- [DIRECTIONS FOR THIS TASK]
Each record must be copied in full and unchanged; any image it holds is excluded.

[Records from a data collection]
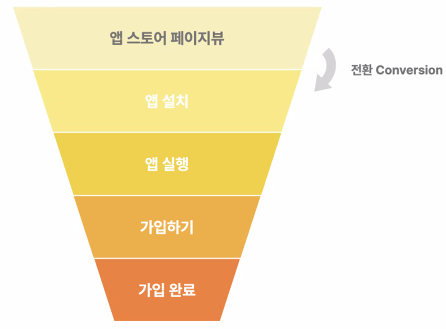 앱스토어 ➡️ 앱설치 ➡️ 앱오픈 ➡️ 액션 ➡️ 액션완료
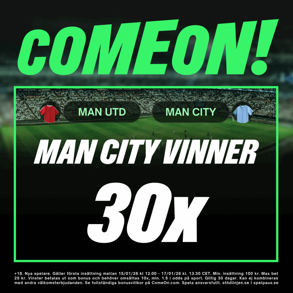 Speltips: Manchester City vinna derbyt – boostat till 30x (17/1)
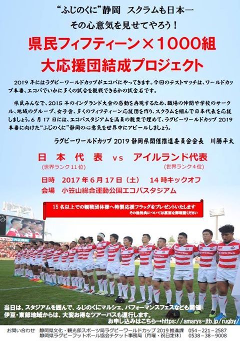 「いいねがあるある静岡県。」より、観光情報をお届けします2015年ラグビーワールドカップイングランド大会での日本vs南アフリカの感動は、まだ皆さんの記憶に新しいところではないでしょうか? 私は、ラグビーと言えば80年代に放送された熱血ドラマぐらいしか知らなかったのですが、あの試合を見てラグビーのにわかファンとなってしまいました。 そのラグビー日本代表戦が、6/17(土)に、エコパスタジアムで行われます。相手は、世界ランク4位のアイルランド代表、白熱した試合が期待されます。2019年のワールドカップでも、日本代表がアイルランド代表と対戦することが決まり、今回の代表戦はワールドカップ本番の前哨戦とも言える試合です。職場の仲間や、学校のサークル、女子会など、家族やお友達で応援団を作り、日本代表を応援しましょう。
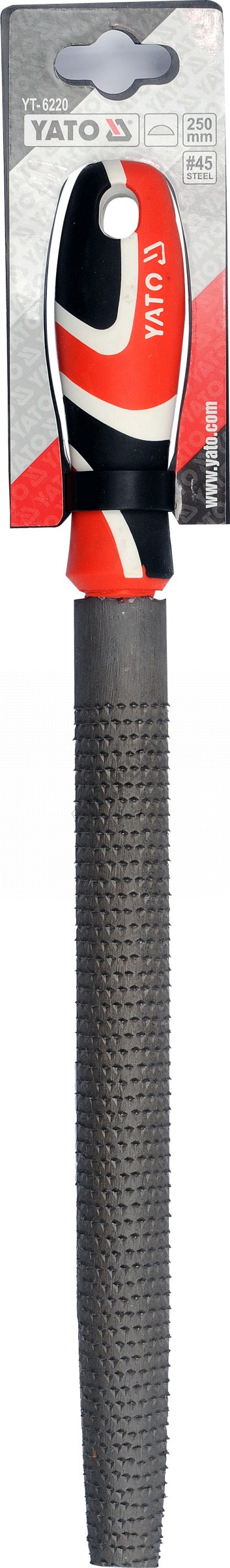 Rašple na dřevo, typ půlkulatá, délka 250mm, sek o hrubosti 45 pro běžné obrábění dřeva, ergonomicky tvarovaná plastová rukojeť se závěsným okem.
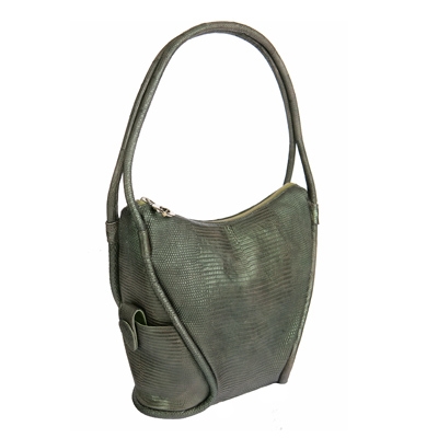 Привлекает внимание интересная интерпретация коротких тонких ручек, которые продолжаются в виде диагональных боковых кантов, между которыми прячется декоративный карманчик с красивой застежкой-замочком.
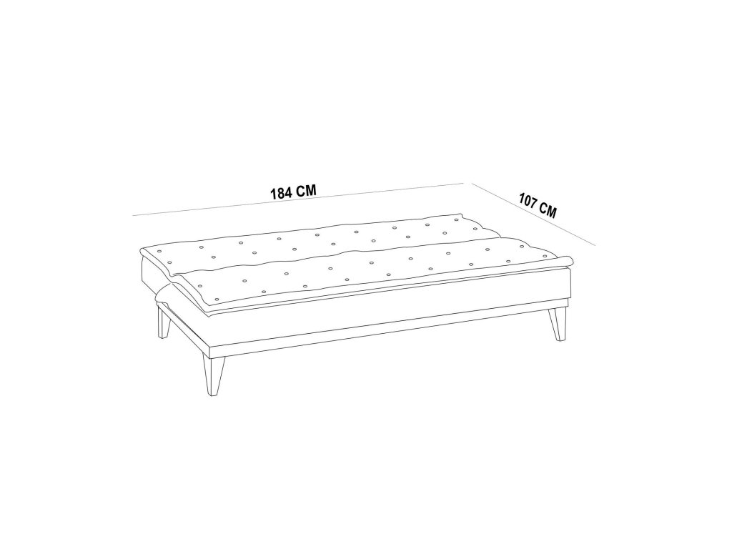 Rozměr pohovky: Šířka: 180 cm Výška: 78 cm Hloubka: 80 cm Hloubka sedáku: 55 cm Výška sedáku: 40 cm Rozměr rozkládací pohovky: Šířka: 184 cm Hloubka: 107 cm Výška nohou: 21 cm
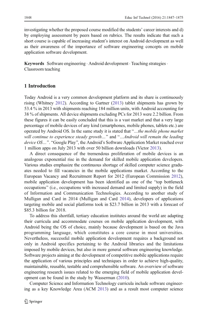 为了弥补这一不足,世界各地的高等教育机构正在进行调整他们的课程,适应移动应用程序开发的课程。Android成为操作系统的选择的主要原因市基于java的开发编程语言市大多数大学的核心课程。然而,成功的移动应用程序需要的不仅仅是Android库和Android库中由移动设备来实施,还需要更一般的软件工程知识。软件项目旨在利用各种原则和技术来开发出可维护的、可重用的、可测试的和可理解的具有竞争力的移动应用程序。软件工程楷书沃塞曼在研究中发现了与移动应用程序开发领域相关的工程研究问题。(2010)
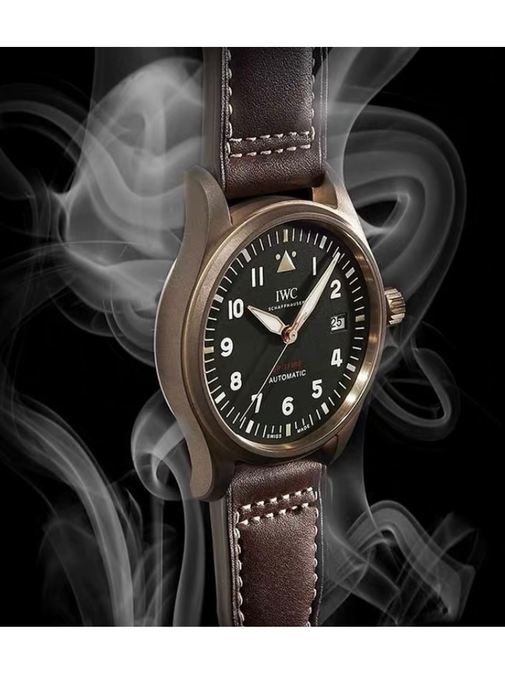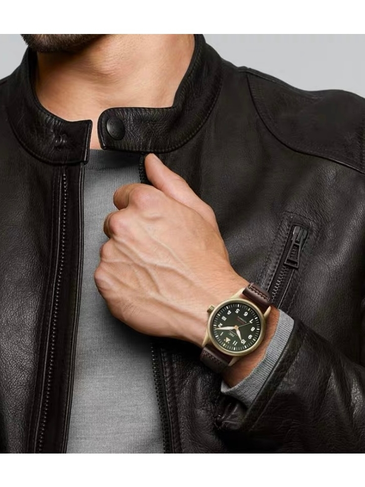 喷火战机飞行员自动机械表,采用了简约仪表式表盘的设计,搭配简洁阿拉伯数字时标,方便读时,实用性强。
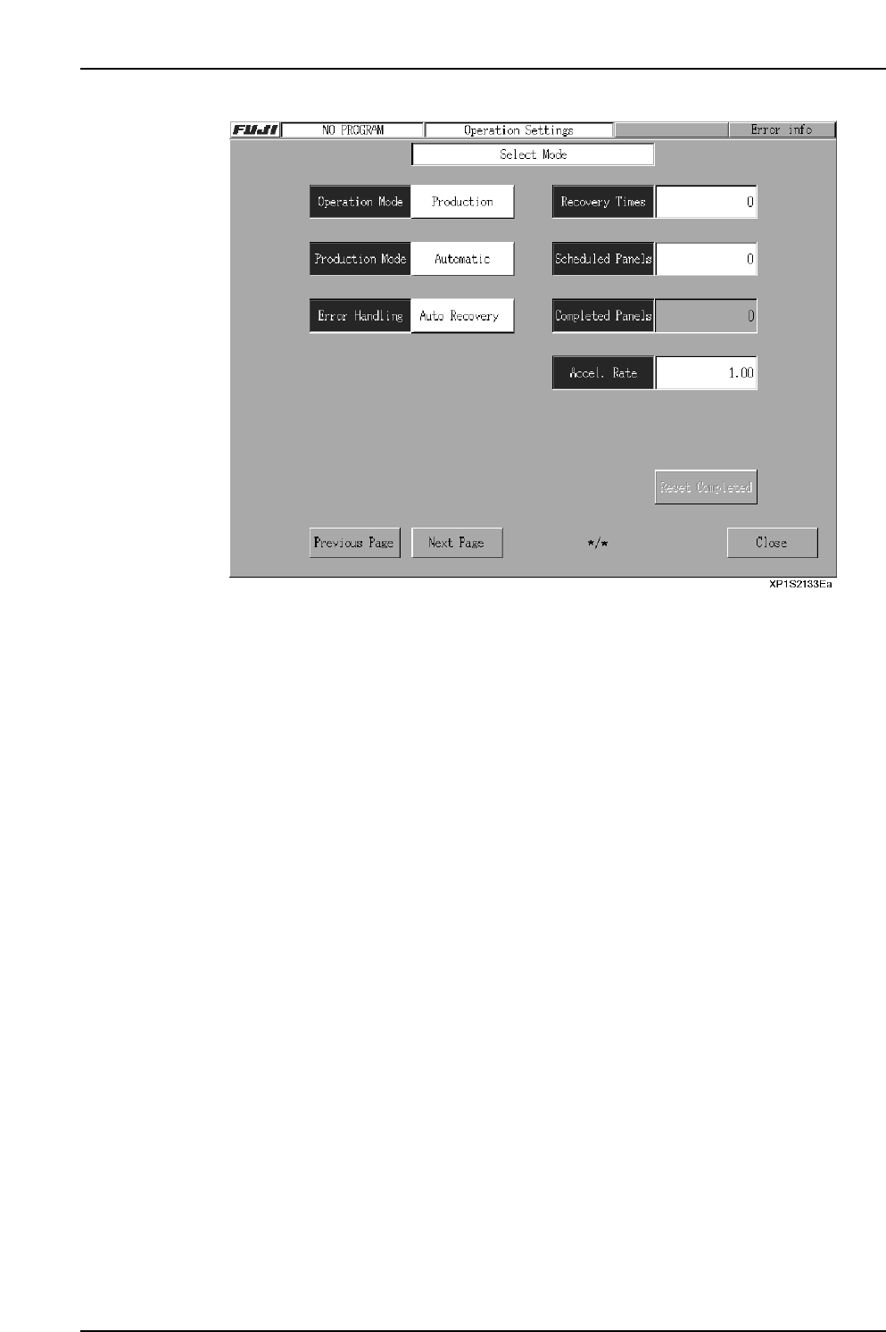 parts error, “Auto Recovery”, “Error Stop” and “Error Pass” which can be changed by

- [SOLUTION TO THIS PROBLEM]
 앱스토어 ➡️ 앱설치 ➡️ 앱오픈 ➡️ 액션 ➡️ 액션완료
 Speltips: Manchester City vinna derbyt – boostat till 30x (17/1)
 「いいねがあるある静岡県。」より、観光情報をお届けします2015年ラグビーワールドカップイングランド大会での日本vs南アフリカの感動は、まだ皆さんの記憶に新しいところではないでしょうか? 私は、ラグビーと言えば80年代に放送された熱血ドラマぐらいしか知らなかったのですが、あの試合を見てラグビーのにわかファンとなってしまいました。 そのラグビー日本代表戦が、6/17(土)に、エコパスタジアムで行われます。相手は、世界ランク4位のアイルランド代表、白熱した試合が期待されます。2019年のワールドカップでも、日本代表がアイルランド代表と対戦することが決まり、今回の代表戦はワールドカップ本番の前哨戦とも言える試合です。職場の仲間や、学校のサークル、女子会など、家族やお友達で応援団を作り、日本代表を応援しましょう。
 Rašple na dřevo, typ půlkulatá, délka 250mm, sek o hrubosti 45 pro běžné obrábění dřeva, ergonomicky tvarovaná plastová rukojeť se závěsným okem.
 Привлекает внимание интересная интерпретация коротких тонких ручек, которые продолжаются в виде диагональных боковых кантов, между которыми прячется декоративный карманчик с красивой застежкой-замочком.
 Rozměr pohovky: Šířka: 180 cm Výška: 78 cm Hloubka: 80 cm Hloubka sedáku: 55 cm Výška sedáku: 40 cm Rozměr rozkládací pohovky: Šířka: 184 cm Hloubka: 107 cm Výška nohou: 21 cm
 为了弥补这一不足,世界各地的高等教育机构正在进行调整他们的课程,适应移动应用程序开发的课程。Android成为操作系统的选择的主要原因市基于java的开发编程语言市大多数大学的核心课程。然而,成功的移动应用程序需要的不仅仅是Android库和Android库中由移动设备来实施,还需要更一般的软件工程知识。软件项目旨在利用各种原则和技术来开发出可维护的、可重用的、可测试的和可理解的具有竞争力的移动应用程序。软件工程楷书沃塞曼在研究中发现了与移动应用程序开发领域相关的工程研究问题。(2010)
 喷火战机飞行员自动机械表,采用了简约仪表式表盘的设计,搭配简洁阿拉伯数字时标,方便读时,实用性强。
 parts error, “Auto Recovery”, “Error Stop” and “Error Pass” which can be changed by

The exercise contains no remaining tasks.